● Exercise details
The result should be the lines from the one holding "La chambre est" to the end of the records below, repeated exactly. No pictures.

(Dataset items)
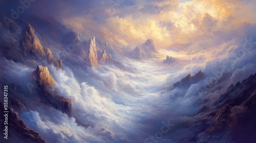 © Alicea, Obraz premium Misty Cliffs with Rolling Fog in Dramatic Sky
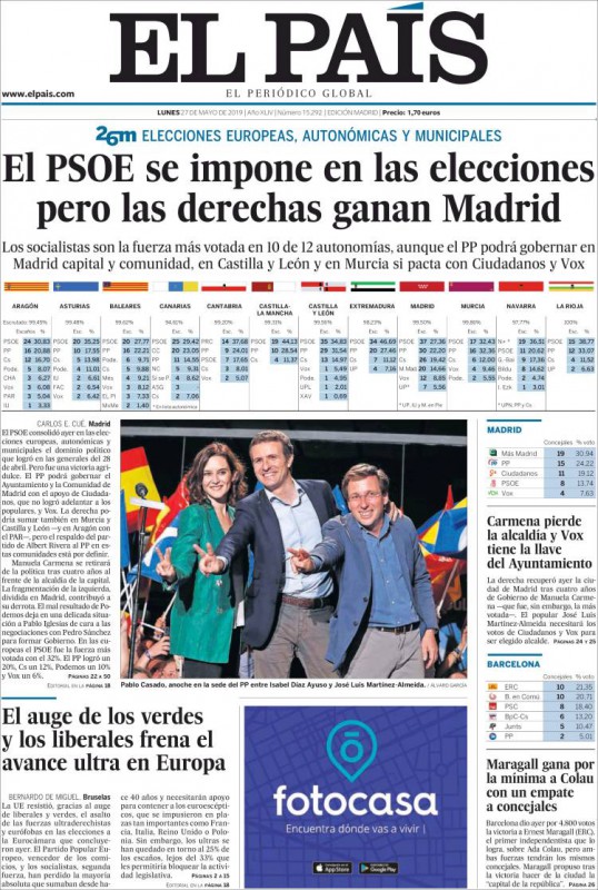 El País: "El PSOE se impone en las elecciones pero las derechas ganan Madrid"; "Los socialistas son la fuerza más votada en 10 de 12 autonomías, aunque el PP podrá gobernar en Madrid y su comunidad, y en Castilla y León y Murcia si pacta con Ciudadanos y Vox"; "El auge de los verdes y los liberales frena el avance ultra en Europa"; "Carmena pierde la alcaldía y Vox tiene la llave del Ayuntamiento".
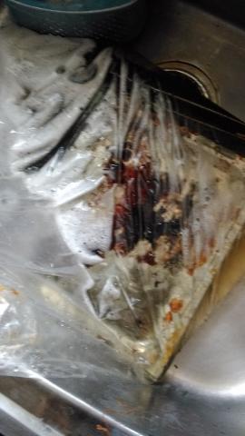 キッチンペーパーは油汚れがおちて移った感じ。触ると危ないのでビニール袋に入れてごみとして捨てる
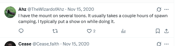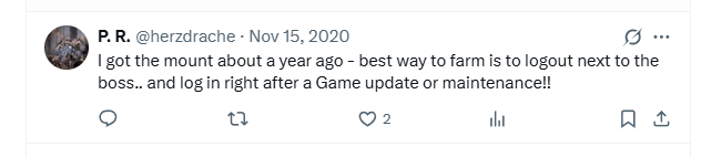 jr_revolution [June 26, 2025]: fyi, for ANYTHING that you need to repeatedly kill an enemy or mob (like desler and the acolyte of fear for the "mickey ears" on oricon), there is a grind exploitation prevention mechanic. there's no hard rule and seems like it's dependent on the enemy and area. but if you kill something in the same area repeatedly, either no loot drops or you won't be able to get the loot (also, you won't get xp due to people farming certain areas for xp). so the way to farm this mount is to kill it prob 3 times, then swap toons. not sure if swapping instances will help, but I wouldn't want to test it out just in case.
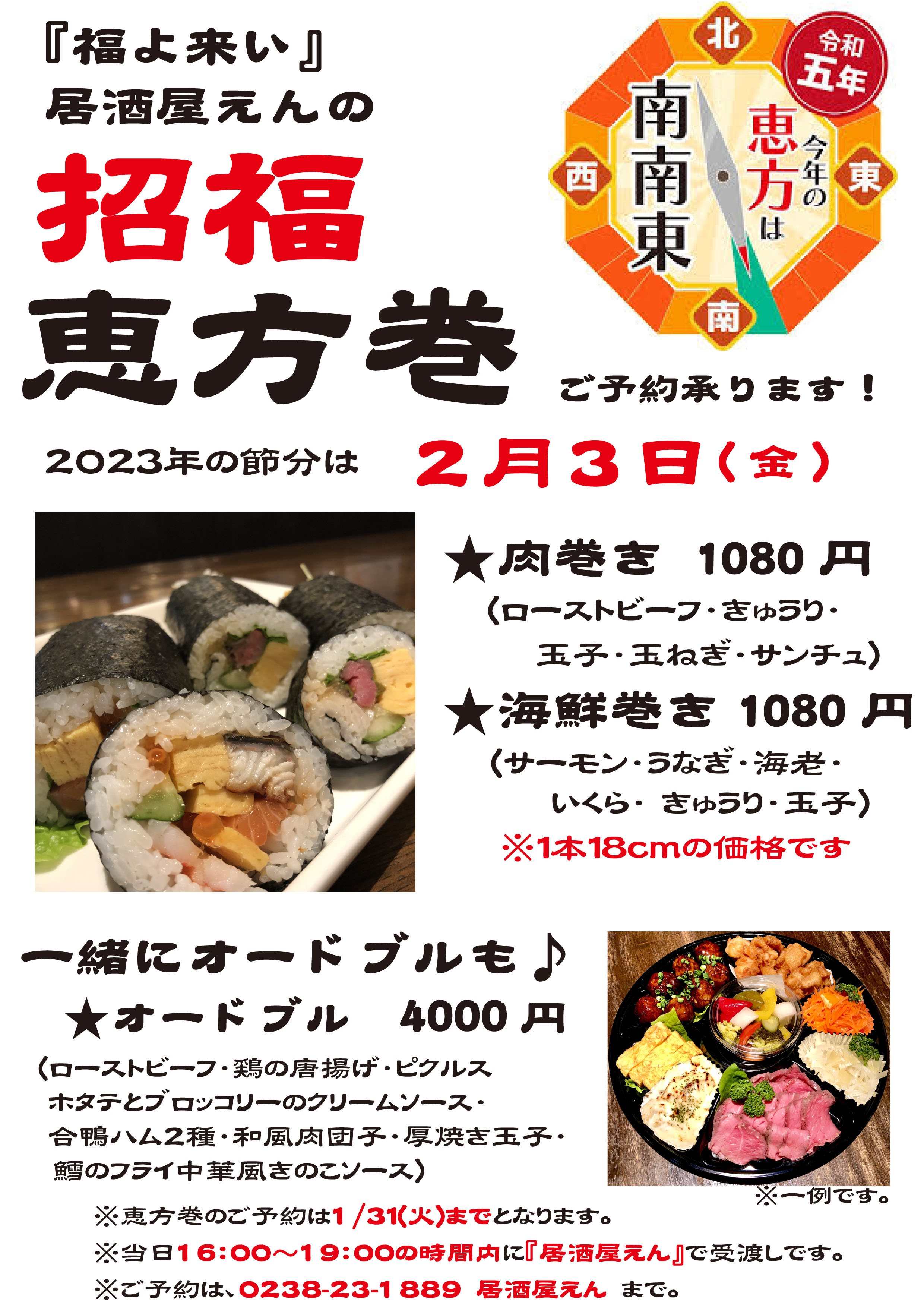 恵方巻のご予約は、2023/1/31までとなっておりますので、お早めにご予約ください。
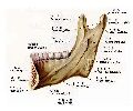 下颌骨mandible位于上颌骨下方,分体和支。体呈弓状,下缘光滑,上缘生有下牙槽。外面前方正中部向前的隆起叫颏隆凸,对第三颗牙槽下方处有颏孔。在体的内面中线处有尖锐的颏棘,其下方两侧有二腹肌窝,由窝的上缘一条斜线,叫下颌舌骨线,线的内上方和外下方各有一浅窝,上方为舌下腺窝,外下方为下颌下腺窝。下颌支末端分叉形成前方的冠突,后方的髁突,中间凹陷处叫下颌切迹,髁突上端膨大,叫下颌头,其下稍细,叫下颌颈,颈的前面有翼肌凹。在支的内面中央有下颌孔,经下颌管通向颏孔,在下颌孔前方有下颌小舌。支与体的接合部叫做下颌角,角的外面有咬肌粗隆,内面有翼肌粗隆。
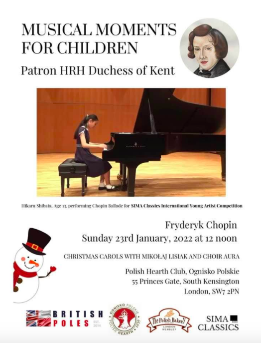 Ognisko Polskie – The Polish Hearth Club invites all children and parents to the Musical Moments for Children on January 23 2022 (Sunday).
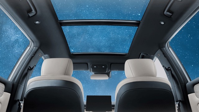 新车配备1362mm×870mm超大星河天窗,总面积超1.18㎡,可开启面积达0.6㎡。相比同级尺寸更大、透光性更好、车内视野更开阔、座舱更通透。
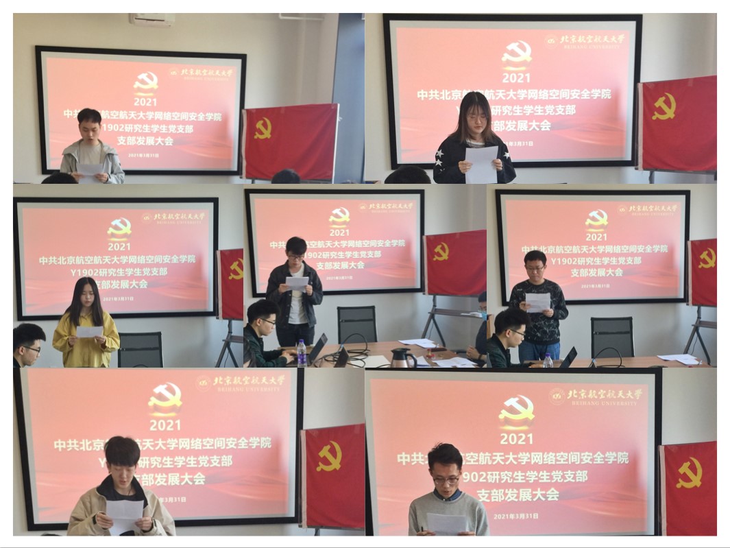 2021年3月31日上午10时,北航太阳集团tyc33455官网Y1902学生党支部在一号馆408会议室召开支部党员发展大会,讨论能否接收曹银浩、韩祎然、刘翔宇、魏晨光、吴礼金、张伟豪、王庆麟7名同志为中共预备党员。本次大会由党支部书记陈晨主持,党建特邀组织员邓彦敏老师、专职组织员王倩云老师、专职辅导员杜逸雯老师列席本次会议。支部党员应到5人,实到5人。
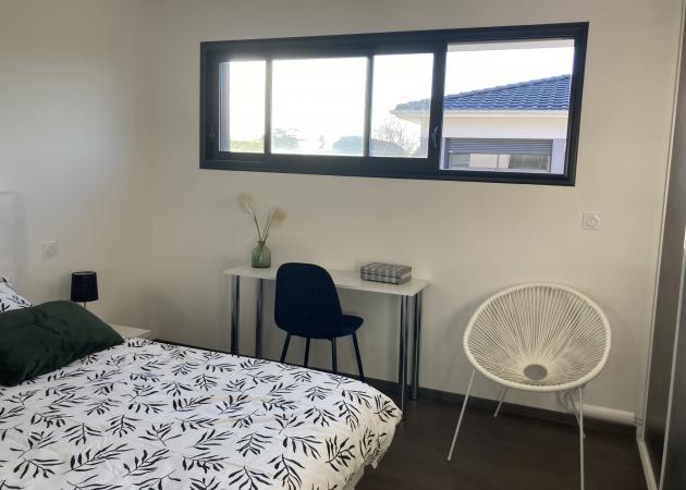 La chambre est spacieuse et lumineuse , lit 160 , grands placards , wifi , télévision ,salle de bain privée . Petit déjeuner compris , accès lave linge et sèche linge 1 fois par semaine ; fumeur autorisé uniquement sur terrasse ou jardin.
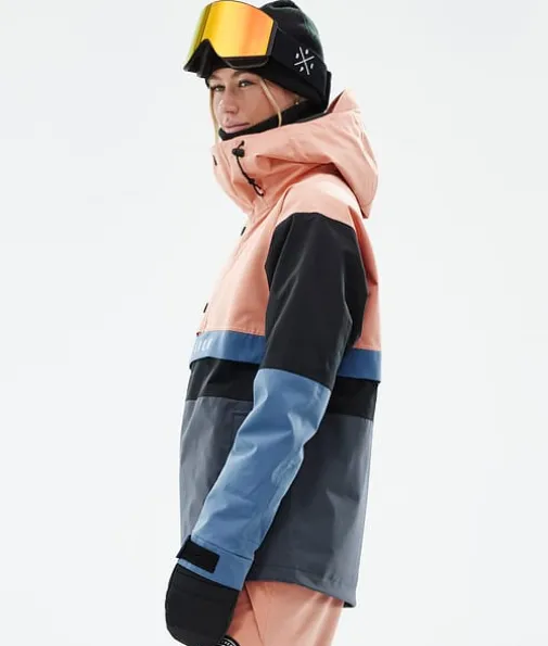 Legacy Track W Ski jas Dames Faded Peach/Blue Steel/Black/Metal Blue|Een retro model met alle technische eigenschappen van nu. De Legacy is een anorak in jaren 90-stijl met een rechte pasvorm en technische kenmerken die niet onderdoen voor de meest geavanceerde ski-jassen. Dit pullover-model is gemaakt voor relaxte dagen op de piste. Als je geen fancy ritsen of andere ingewikkelde details nodig hebt, is de Legacy voor jou de perfecte keuze. De Legacy is nu gemaakt van verbeterd 4-way stretchmateriaal, zodat je maximaal kunt genieten van ieder moment in de sneeuw.
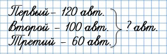 (480 + 120) : 3 = 200 1) 480 + 120 = 600 2) 600 : 3 = 200 |
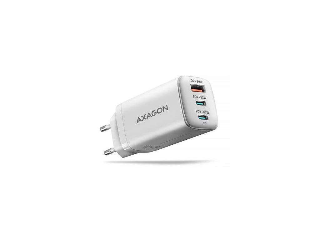 AXAGON ACU-DPQ65W, GaN nabíječka do sítě 65W, 3x port (USB-A + dual USB-C), PD3.0/QC4+/PPS/Apple Axagon
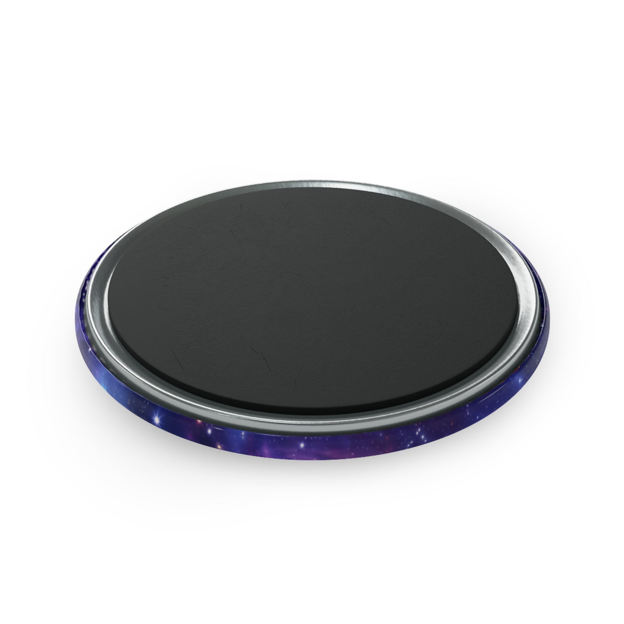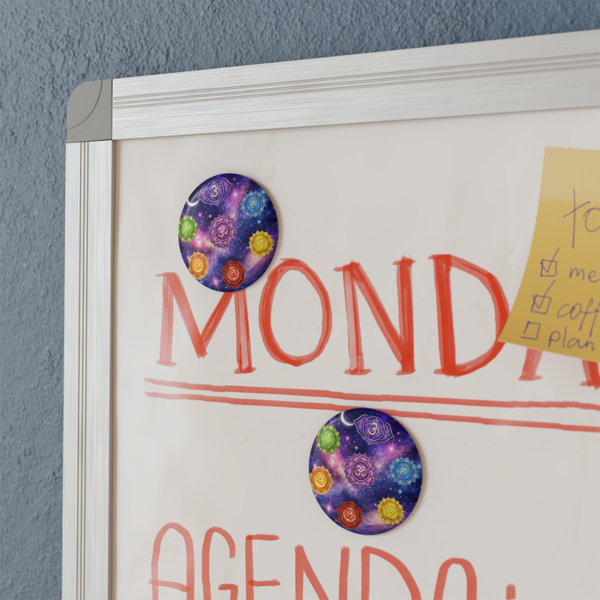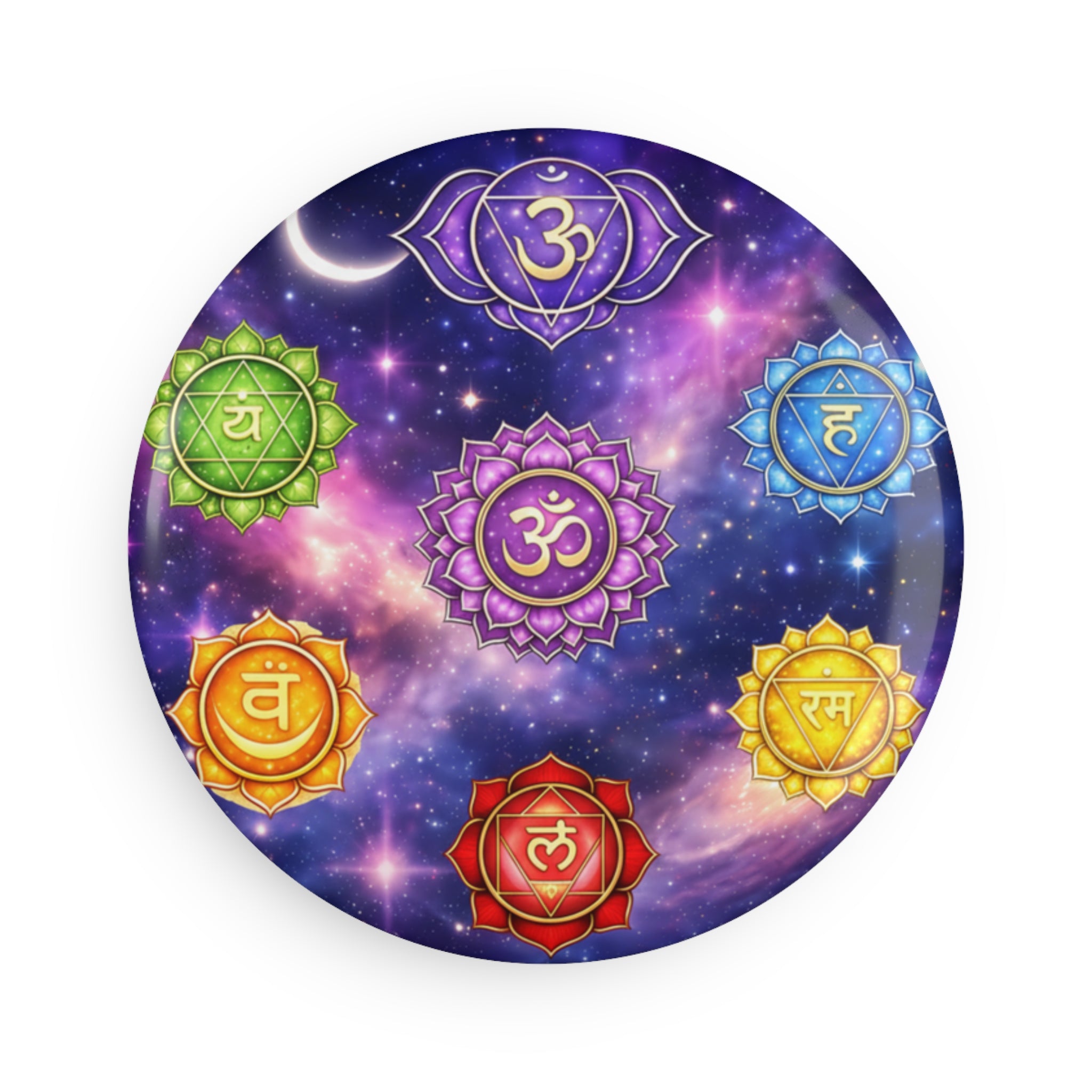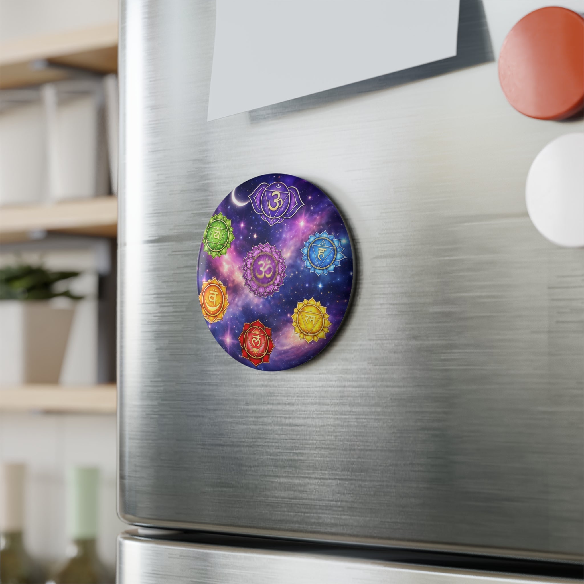 A small, jewel-like magnet that brings the chakra system into view. The crown chakra sits at the center, glowing amid a cosmic backdrop while the six remaining chakras orbit around it. It feels meditative and slightly otherworldly — a quiet visual anchor on a fridge, locker, or altar. For someone who arranges crystals, journals about energy work, or simply wants a moment of calm in a busy kitchen, this magnet nudges attention back to breath and balance. The rich, saturated colors and glossy mylar finish catch the light, while the slim metal shell and flat magnetic back keep it sitting flush against metal surfaces. Available as a single accent or a small set to pin intentions in multiple spaces.

● Result of this exercise
 La chambre est spacieuse et lumineuse , lit 160 , grands placards , wifi , télévision ,salle de bain privée . Petit déjeuner compris , accès lave linge et sèche linge 1 fois par semaine ; fumeur autorisé uniquement sur terrasse ou jardin.
 Legacy Track W Ski jas Dames Faded Peach/Blue Steel/Black/Metal Blue|Een retro model met alle technische eigenschappen van nu. De Legacy is een anorak in jaren 90-stijl met een rechte pasvorm en technische kenmerken die niet onderdoen voor de meest geavanceerde ski-jassen. Dit pullover-model is gemaakt voor relaxte dagen op de piste. Als je geen fancy ritsen of andere ingewikkelde details nodig hebt, is de Legacy voor jou de perfecte keuze. De Legacy is nu gemaakt van verbeterd 4-way stretchmateriaal, zodat je maximaal kunt genieten van ieder moment in de sneeuw.
 (480 + 120) : 3 = 200 1) 480 + 120 = 600 2) 600 : 3 = 200 |
 AXAGON ACU-DPQ65W, GaN nabíječka do sítě 65W, 3x port (USB-A + dual USB-C), PD3.0/QC4+/PPS/Apple Axagon
 A small, jewel-like magnet that brings the chakra system into view. The crown chakra sits at the center, glowing amid a cosmic backdrop while the six remaining chakras orbit around it. It feels meditative and slightly otherworldly — a quiet visual anchor on a fridge, locker, or altar. For someone who arranges crystals, journals about energy work, or simply wants a moment of calm in a busy kitchen, this magnet nudges attention back to breath and balance. The rich, saturated colors and glossy mylar finish catch the light, while the slim metal shell and flat magnetic back keep it sitting flush against metal surfaces. Available as a single accent or a small set to pin intentions in multiple spaces.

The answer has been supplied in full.